There are already companies trying to sell AI powered tools for better creative work. A google search churns up things like Bidalgo. Want to think bigger? How about Pencil. Touted to be the world’s first Creative AI that can craft personalized ad campaigns that originates in culture and multiplies the art and effectiveness of online advertising. I kid you not. Most of that is verbatim from their website. An AI powered agency (that still has humans working on the creative nonetheless). While aiming for the moon, the company’s current focus is using AI to help in crafting personalised creatives. A simpler way for saying that it is going to marry personalisation and programmatic advertising techniques to benefit its clientele. I could be mistaken.
Time for a change. An agency powered by AI.
If for a minute we step back and say that a world with advertising AI is a given, what would it look like? Can AI be the bridge between agencies and their woes of today? A facilitator for potentially a leaner and effective creative team. The ability to carry some weight while letting the team get on with being more creative and have more of a creative life while at it. Another tool in their arsenal like social analytics and listening tools today. There will be growing demand for people who know how to first build such tools, then teach creatives to use these tools and finally creatives who get the best out of these tools.
Pitches we can hope will become radically streamlined. With different agency AI battling it out in micro-seconds in a market place to solve a brief and serve sample creative outlines for pitch consideration. Clients can then shortlist to see what humans can do in round two. Reducing pitch turnarounds and effectiveness while using historic data in optimising agency decisions whether they need to even pitch in the first place for an account based on business decisions and a client’s past track record with its previous agencies.
The timing to birth such an AI is probably right. Ad Land is seeing a decrease in the asking price of its creative output, with creative teams being asked to churn out twice the output with no real gains in remuneration. Frenemies are at the door just begging to get in on the action. Whether it is digital behemoths or the consulting companies that can bring more clout and resources to the table any day and have a unique brand identity advantage at a time of agency distrust. Ken Auletta’s book is a gospel to be preached amongst the naysayers who think all is well in Ad Land.

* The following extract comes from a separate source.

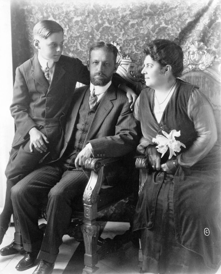 President Mario Menocal, of Cuba, full-length portrait, seated, facing front, with his wife and son

Perhaps it’s an open secret that the only way to get around Facebook and Google monopolies with their pretty walled gardens and data black boxes is to currently assail them using AIs to rapidly churn, iterate and hurl creative iterations at these two platforms until they are perfectly optimised. Until an AI can figure out what works best. A brute force attack. A parallel to draw is how stock trading is done these days using computer algorithms.
The final hoorah.
Whatever side of the fence you sit on whether AI is a creative boon or bane, the truth is there will be a time in the not so distant future where you get to not only answer the question, but live it. Whether the world sees you as an AI empowered creative or a traditionalist. Both will have takers.
The first group may tackle volumes of creative work like Ford production line, or have more time and tools to really come up with great ideas.. Clients will love them because they will be faster and collectively better than before, not to mention much, much cheaper. Even from large agencies.
On the other hand AI may drive the market up for human creative output. Making it more niche, expensive and hard to come by. Like a custom built sports car today. These will be fast fading creatives who have racked up hours of creative experience.